## Task requirements
Transcribe the data underneath exactly. No images belong in your version.

(Given information Opens)

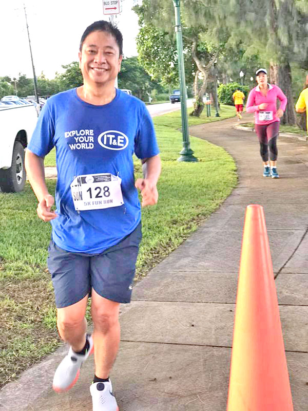 IT&E’s Vic Regis is all smiles, as he is halfway done in the 5K race.
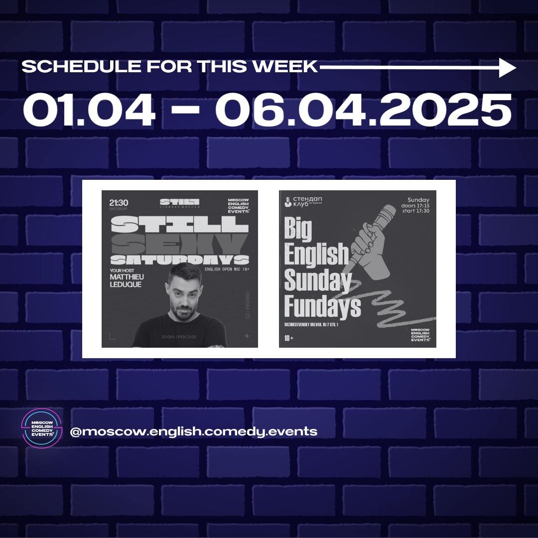 Schedule for this week (01.04– 06.04)❗️ -----‐----------------------- 🕤Saturday, April 5th, 9:30 PM – Still Sexy Saturdays 🎤Open Mic 🎟Entrance: Pay what you want (any paper note or transfer) 💵 🔗 Register for free 🫰 pay upon arrival 📍Still StandUp Moscow 🗺 Pokrovka 17c5, through the arch with the pink lights 🏙 Blue building directly inside the courtyard -----‐----------------------- 🕠Sunday April 6th, 5:30 PM - Big English Sunday Fundays 📺Special appearances by famous Russian comics 🎟️Entrance: FREE 💸 Donations welcome, one drink minimum 🔗Reserve for free 📍Stand Up Club на Трубной 🗺 Map: Rozhdestvensky Blvd, 10/7 С1
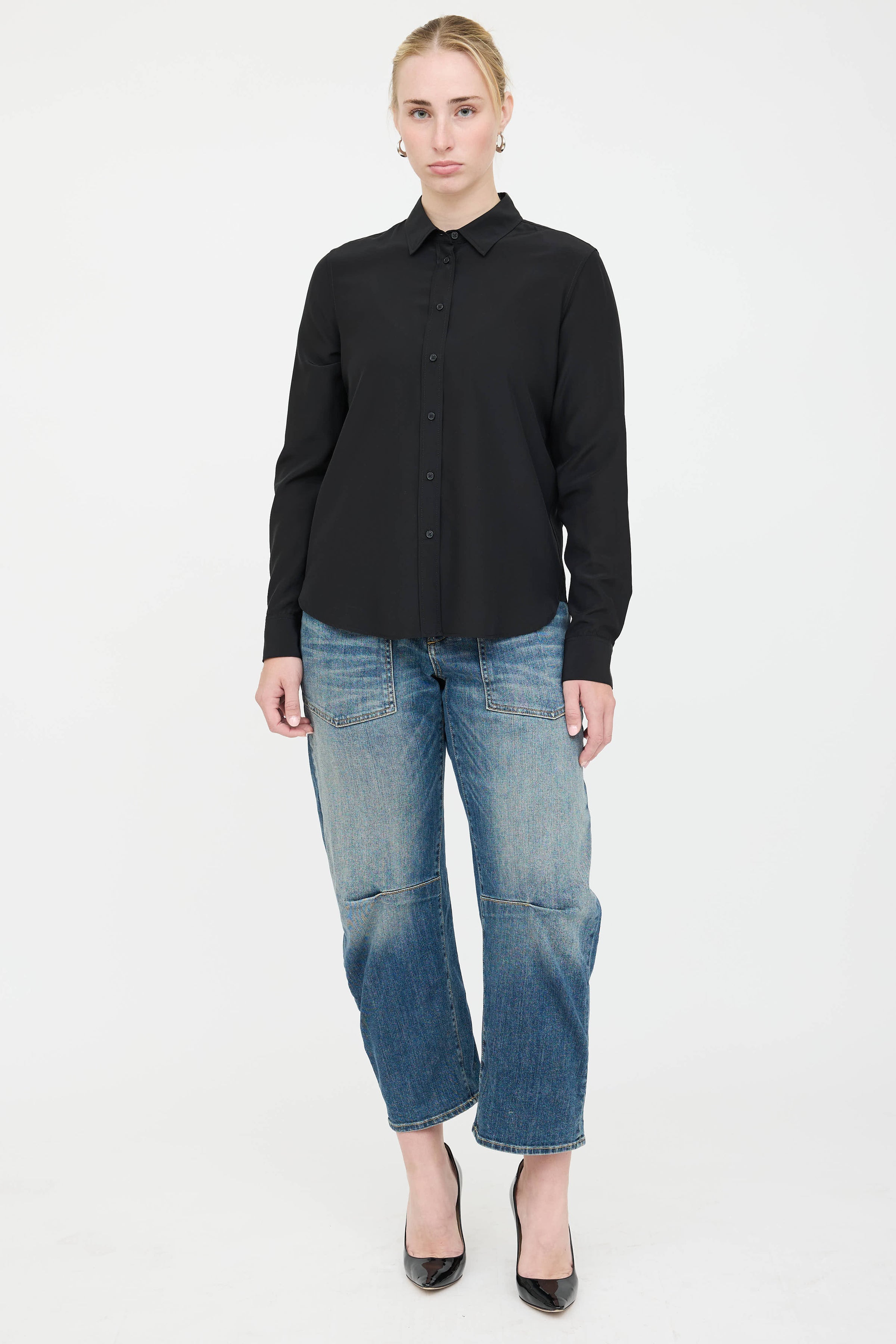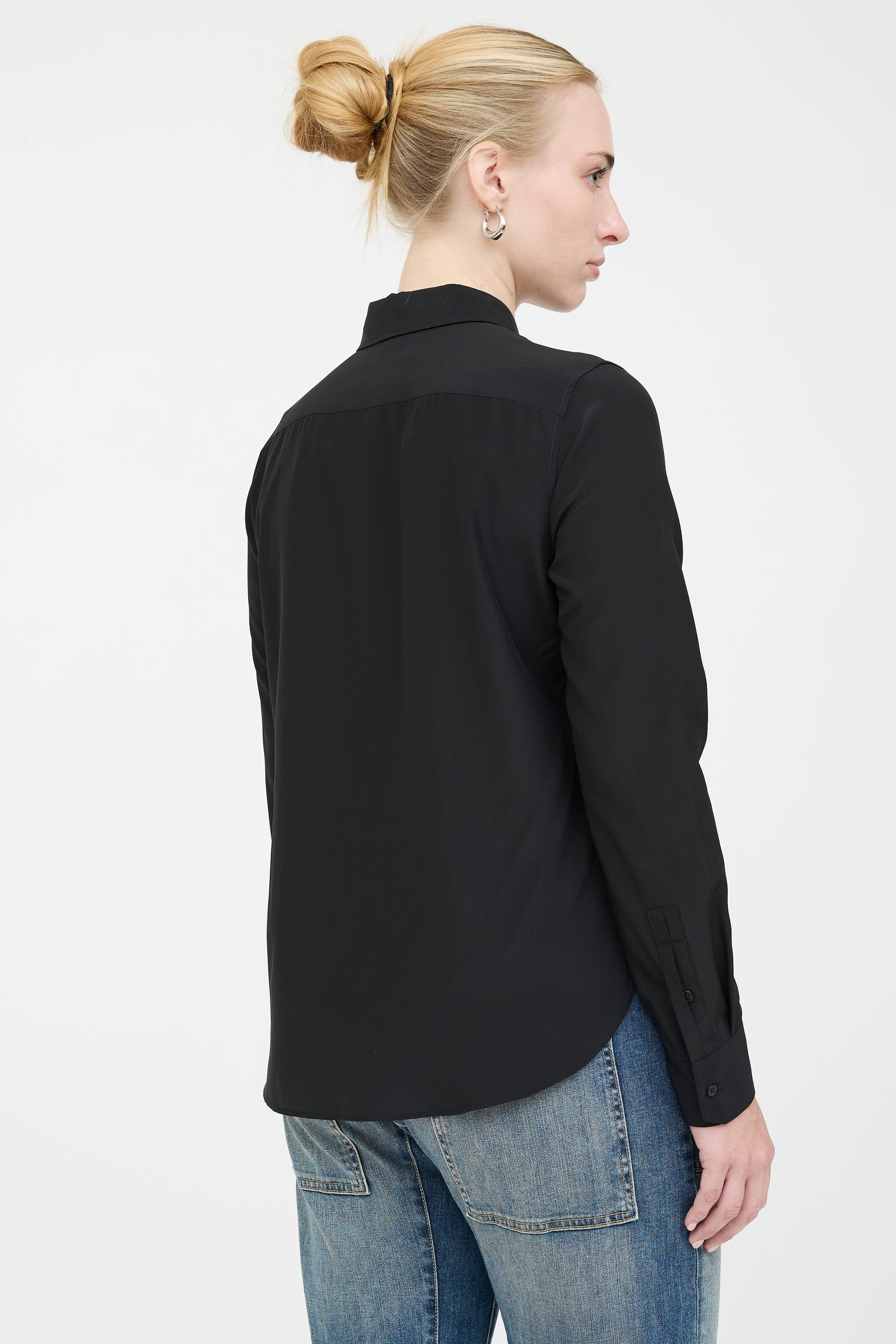 Pre-owned Nili Lotan black long sleeve shirt featuring pointed collar, button front, and buttoned cuffs.
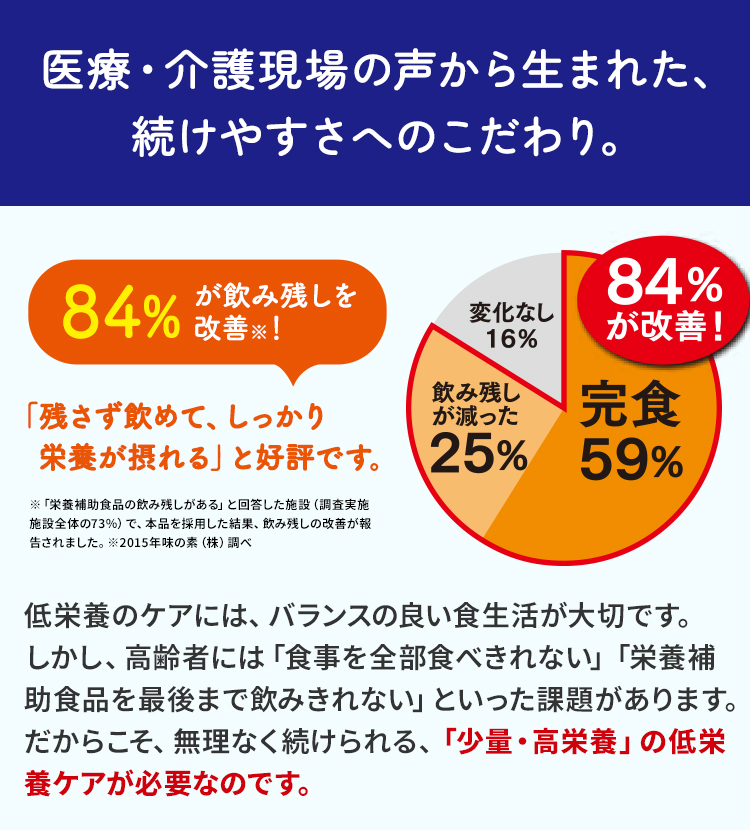 「より少量でしっかり栄養が摂れる栄養補助食品が欲しい」という医療・介護スタッフ様の声を参考に、味の素(株)独自の製造技術で、業界最小サイズの100mlを実現しました。

(Given information Closes)

## Response area
 IT&E’s Vic Regis is all smiles, as he is halfway done in the 5K race.
 Schedule for this week (01.04– 06.04)❗️ -----‐----------------------- 🕤Saturday, April 5th, 9:30 PM – Still Sexy Saturdays 🎤Open Mic 🎟Entrance: Pay what you want (any paper note or transfer) 💵 🔗 Register for free 🫰 pay upon arrival 📍Still StandUp Moscow 🗺 Pokrovka 17c5, through the arch with the pink lights 🏙 Blue building directly inside the courtyard -----‐----------------------- 🕠Sunday April 6th, 5:30 PM - Big English Sunday Fundays 📺Special appearances by famous Russian comics 🎟️Entrance: FREE 💸 Donations welcome, one drink minimum 🔗Reserve for free 📍Stand Up Club на Трубной 🗺 Map: Rozhdestvensky Blvd, 10/7 С1
 Pre-owned Nili Lotan black long sleeve shirt featuring pointed collar, button front, and buttoned cuffs.
 「より少量でしっかり栄養が摂れる栄養補助食品が欲しい」という医療・介護スタッフ様の声を参考に、味の素(株)独自の製造技術で、業界最小サイズの100mlを実現しました。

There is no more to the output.